'Hoovering Up Content'

Google Harvests Millions of Users' Personal Data to Train AI Products, Says Class Action

July 13, 2023 by Rebecca Day|Top News

Google’s revised privacy policy “purports to give it ‘permission’ to take anything shared online” to train and improve its artificial intelligence (AI) products, including personal and copyrighted information, said a class action Tuesday (docket 3:23-cv-03440) in U.S. District Court for Northern California in San Francisco.

The privacy lawsuit was brought by plaintiffs J.L., a New York Times author and investigative journalist residing in Texas; C.B., an actor and professor living in California; K.S., a 6-year-old resident of Florida with a Gmail account; Gmail and Google Bard user P.M., of California; N.G., a California resident and Google user; Florida resident and Google user R.F.; California resident J.D., a Google Hangout user; and 13-year-old G.R., a Gmail and Google Hangouts user. The plaintiffs didn't consent to Google's use of their private information, said the complaint.

Google acquired DeepMind for over $500 million in 2014 and used its large-language model (LLM) technology to develop its Bard conversational AI chat service, said the complaint. The company formed Google AI in 2017 and has released numerous AI products to the market for commercial and personal use, said the complaint. Its “Transformer” neural network underpins LLMs that are the basis for numerous AI chatbots, it said.

Google released Bard publicly in May in 180 countries. “What AI enthusiasts failed to grant equal attention to was the cost to humanity associated with the rapid, rampant, unregulated proliferation of the AI products,” said the complaint. Google’s AI products were all built using “private, personal, and/or copyrighted materials without proper consent or fair compensation,” it said; Bard is the most prominent and publicly accessible of them. Due to its “vast training data,” Bard can generate human-like answers and has coding capabilities and "advanced math and reasoning skills.” It can replicate “and mimic all the artists, authors, and creators on whose content it was trained in order to generate ‘art,’” the complaint said.

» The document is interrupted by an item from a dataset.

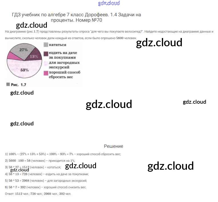 Ответ на задание 70 Учебник Алгебра  за 7 (седьмой) класс Дорофеев, Суворова, Бунимович Академический школьный учебник  2020

To launch its AI products, Google secretly harvested “millions” of consumers’ personal data -- “at the expense of privacy, security and ethics” -- and without their knowledge or consent, said the complaint. The LLMs powering Google’s AI products depend on consuming “huge amounts of data” for training, it said. Conversational data between humans is most valuable to help the product develop human-like communication capabilities; creative and expressive works are also valuable for AI products to learn how to “create” art, it said. “The only reason Defendants’ Products exist is because all this personal information was used to train the LLMs,” it said.

To get user data, Google used bots to scrape at least 1.56 trillion words of “public dialog data and other public web documents,” including personal information, without giving notice, seeking consent or paying for it, said the complaint. Google and DeepMind “did so in secret and without registering as a data broker as required under applicable law,” it said. “The breadth of Google’s data collection without permission impacts essentially every internet user ever, raising serious legal, moral, and ethical questions," it said.

Regulators and courts worldwide are seeking to crack down on AI companies “hoovering up content without consent or notice,” but Google’s response has been to “keep their training datasets largely secret," said the complaint: “Google has not permitted any regulatory or other audit access." The company’s C-4 dataset is taken from the Common Crawl data set, “petabytes" of data collected over 12 years and owned by a nonprofit organization, it said.

The Common Crawl “was never intended to be taken en masse, and turned into an AI product for commercial gain,” the complaint said. Upon information and belief, the 501(c)(3) overseeing the Common Crawl “did not consent to this mass misappropriation and data laundering of personal data,” nor did it obtain consent of users whose personal data was scraped, it said. Google continued to feed the AI products by “harnessing data gleaned from various … Google services," including Gmail and Search, “a pervasive and unconscionable invasion of users’ personal spheres, exploiting the contents of private communications to feed their AI’s voracious appetite for personal information,” it said.

Plaintiffs charge Google and DeepMind with violating California’s Unfair Competition Law, plus negligence, invasion of privacy, intrusion upon seclusion, larceny/receipt of stolen property, conversion, unjust enrichment, direct and vicarious copyright infringement and violation of the Digital Millennium Copyright Act.

They seek a temporary freeze on Google’s development and use of AI products until establishment of an AI council responsible for approving use of products. They also seek transparency protocols, the ability for consumers to opt out of Google's data collection, establishing technological safety measures “that will prevent the technology from surpassing human intelligence and harming others," regular reviews, establishing a fund to compensate class members for “past and ongoing misconduct,” and confirmation defendants purged class members’ personal information. They seek actual, statutory and monetary damages, restitution and disgorgement.

Google has been "clear for years that we use data from public sources -- like information published to the open web and public datasets -– to train the AI models behind services like Google Translate, responsibly and in line with our AI Principles," emailed General Counsel Halimah DeLaine Prado Wednesday. "American law supports using public information to create new beneficial uses, and we look forward to refuting these baseless claims.”